Records drawn from a dataset:

-*-*-

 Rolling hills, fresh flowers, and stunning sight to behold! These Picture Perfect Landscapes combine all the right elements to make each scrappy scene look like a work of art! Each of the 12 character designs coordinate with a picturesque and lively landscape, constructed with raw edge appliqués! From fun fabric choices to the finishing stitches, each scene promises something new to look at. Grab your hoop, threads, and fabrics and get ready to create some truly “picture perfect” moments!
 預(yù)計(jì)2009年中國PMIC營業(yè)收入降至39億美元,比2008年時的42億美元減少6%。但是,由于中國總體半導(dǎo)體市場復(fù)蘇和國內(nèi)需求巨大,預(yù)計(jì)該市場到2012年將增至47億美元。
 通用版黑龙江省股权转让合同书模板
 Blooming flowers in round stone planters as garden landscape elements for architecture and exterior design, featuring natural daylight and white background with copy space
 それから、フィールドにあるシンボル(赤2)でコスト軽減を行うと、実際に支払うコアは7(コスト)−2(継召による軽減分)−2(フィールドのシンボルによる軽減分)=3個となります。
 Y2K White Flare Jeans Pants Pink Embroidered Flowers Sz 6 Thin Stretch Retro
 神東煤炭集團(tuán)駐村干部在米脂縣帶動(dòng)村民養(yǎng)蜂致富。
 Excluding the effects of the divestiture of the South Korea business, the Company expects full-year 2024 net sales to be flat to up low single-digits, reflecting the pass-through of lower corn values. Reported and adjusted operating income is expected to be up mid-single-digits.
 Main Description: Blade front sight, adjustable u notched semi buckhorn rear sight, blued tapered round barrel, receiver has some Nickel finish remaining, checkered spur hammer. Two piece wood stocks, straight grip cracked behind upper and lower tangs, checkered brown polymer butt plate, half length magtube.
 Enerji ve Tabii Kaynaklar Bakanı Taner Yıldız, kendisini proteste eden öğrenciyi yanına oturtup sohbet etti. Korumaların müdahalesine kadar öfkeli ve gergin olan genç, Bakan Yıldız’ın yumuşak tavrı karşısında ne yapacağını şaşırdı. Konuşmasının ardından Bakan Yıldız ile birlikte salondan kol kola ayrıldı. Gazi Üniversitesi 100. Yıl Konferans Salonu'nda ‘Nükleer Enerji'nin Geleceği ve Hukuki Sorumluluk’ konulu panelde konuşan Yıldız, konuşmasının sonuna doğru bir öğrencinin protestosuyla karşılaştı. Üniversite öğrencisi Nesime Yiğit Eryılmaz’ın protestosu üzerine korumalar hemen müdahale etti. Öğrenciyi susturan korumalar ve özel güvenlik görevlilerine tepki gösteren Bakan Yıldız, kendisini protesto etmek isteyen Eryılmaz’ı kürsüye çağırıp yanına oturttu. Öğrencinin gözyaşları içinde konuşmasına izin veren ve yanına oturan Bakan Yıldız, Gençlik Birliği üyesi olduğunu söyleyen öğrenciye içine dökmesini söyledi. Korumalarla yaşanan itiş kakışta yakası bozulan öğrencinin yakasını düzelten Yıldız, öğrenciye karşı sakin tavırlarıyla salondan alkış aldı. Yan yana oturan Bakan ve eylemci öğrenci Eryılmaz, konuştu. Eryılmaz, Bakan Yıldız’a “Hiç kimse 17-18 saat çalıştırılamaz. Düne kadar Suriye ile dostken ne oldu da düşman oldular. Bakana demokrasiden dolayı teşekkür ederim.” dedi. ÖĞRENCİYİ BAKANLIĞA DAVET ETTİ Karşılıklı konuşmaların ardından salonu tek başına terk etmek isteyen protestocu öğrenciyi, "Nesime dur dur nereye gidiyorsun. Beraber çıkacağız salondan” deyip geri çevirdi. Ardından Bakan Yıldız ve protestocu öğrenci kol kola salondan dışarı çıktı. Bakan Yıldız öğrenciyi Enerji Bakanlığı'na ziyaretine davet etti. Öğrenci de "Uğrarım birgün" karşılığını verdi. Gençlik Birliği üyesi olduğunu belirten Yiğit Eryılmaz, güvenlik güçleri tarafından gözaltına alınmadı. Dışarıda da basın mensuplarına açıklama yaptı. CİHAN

-*-*-

- What the exercise asks
Output every entry exactly as given.

- Response box
 Rolling hills, fresh flowers, and stunning sight to behold! These Picture Perfect Landscapes combine all the right elements to make each scrappy scene look like a work of art! Each of the 12 character designs coordinate with a picturesque and lively landscape, constructed with raw edge appliqués! From fun fabric choices to the finishing stitches, each scene promises something new to look at. Grab your hoop, threads, and fabrics and get ready to create some truly “picture perfect” moments!
 預(yù)計(jì)2009年中國PMIC營業(yè)收入降至39億美元,比2008年時的42億美元減少6%。但是,由于中國總體半導(dǎo)體市場復(fù)蘇和國內(nèi)需求巨大,預(yù)計(jì)該市場到2012年將增至47億美元。
 通用版黑龙江省股权转让合同书模板
 Blooming flowers in round stone planters as garden landscape elements for architecture and exterior design, featuring natural daylight and white background with copy space
 それから、フィールドにあるシンボル(赤2)でコスト軽減を行うと、実際に支払うコアは7(コスト)−2(継召による軽減分)−2(フィールドのシンボルによる軽減分)=3個となります。
 Y2K White Flare Jeans Pants Pink Embroidered Flowers Sz 6 Thin Stretch Retro
 神東煤炭集團(tuán)駐村干部在米脂縣帶動(dòng)村民養(yǎng)蜂致富。
 Excluding the effects of the divestiture of the South Korea business, the Company expects full-year 2024 net sales to be flat to up low single-digits, reflecting the pass-through of lower corn values. Reported and adjusted operating income is expected to be up mid-single-digits.
 Main Description: Blade front sight, adjustable u notched semi buckhorn rear sight, blued tapered round barrel, receiver has some Nickel finish remaining, checkered spur hammer. Two piece wood stocks, straight grip cracked behind upper and lower tangs, checkered brown polymer butt plate, half length magtube.
 Enerji ve Tabii Kaynaklar Bakanı Taner Yıldız, kendisini proteste eden öğrenciyi yanına oturtup sohbet etti. Korumaların müdahalesine kadar öfkeli ve gergin olan genç, Bakan Yıldız’ın yumuşak tavrı karşısında ne yapacağını şaşırdı. Konuşmasının ardından Bakan Yıldız ile birlikte salondan kol kola ayrıldı. Gazi Üniversitesi 100. Yıl Konferans Salonu'nda ‘Nükleer Enerji'nin Geleceği ve Hukuki Sorumluluk’ konulu panelde konuşan Yıldız, konuşmasının sonuna doğru bir öğrencinin protestosuyla karşılaştı. Üniversite öğrencisi Nesime Yiğit Eryılmaz’ın protestosu üzerine korumalar hemen müdahale etti. Öğrenciyi susturan korumalar ve özel güvenlik görevlilerine tepki gösteren Bakan Yıldız, kendisini protesto etmek isteyen Eryılmaz’ı kürsüye çağırıp yanına oturttu. Öğrencinin gözyaşları içinde konuşmasına izin veren ve yanına oturan Bakan Yıldız, Gençlik Birliği üyesi olduğunu söyleyen öğrenciye içine dökmesini söyledi. Korumalarla yaşanan itiş kakışta yakası bozulan öğrencinin yakasını düzelten Yıldız, öğrenciye karşı sakin tavırlarıyla salondan alkış aldı. Yan yana oturan Bakan ve eylemci öğrenci Eryılmaz, konuştu. Eryılmaz, Bakan Yıldız’a “Hiç kimse 17-18 saat çalıştırılamaz. Düne kadar Suriye ile dostken ne oldu da düşman oldular. Bakana demokrasiden dolayı teşekkür ederim.” dedi. ÖĞRENCİYİ BAKANLIĞA DAVET ETTİ Karşılıklı konuşmaların ardından salonu tek başına terk etmek isteyen protestocu öğrenciyi, "Nesime dur dur nereye gidiyorsun. Beraber çıkacağız salondan” deyip geri çevirdi. Ardından Bakan Yıldız ve protestocu öğrenci kol kola salondan dışarı çıktı. Bakan Yıldız öğrenciyi Enerji Bakanlığı'na ziyaretine davet etti. Öğrenci de "Uğrarım birgün" karşılığını verdi. Gençlik Birliği üyesi olduğunu belirten Yiğit Eryılmaz, güvenlik güçleri tarafından gözaltına alınmadı. Dışarıda da basın mensuplarına açıklama yaptı. CİHAN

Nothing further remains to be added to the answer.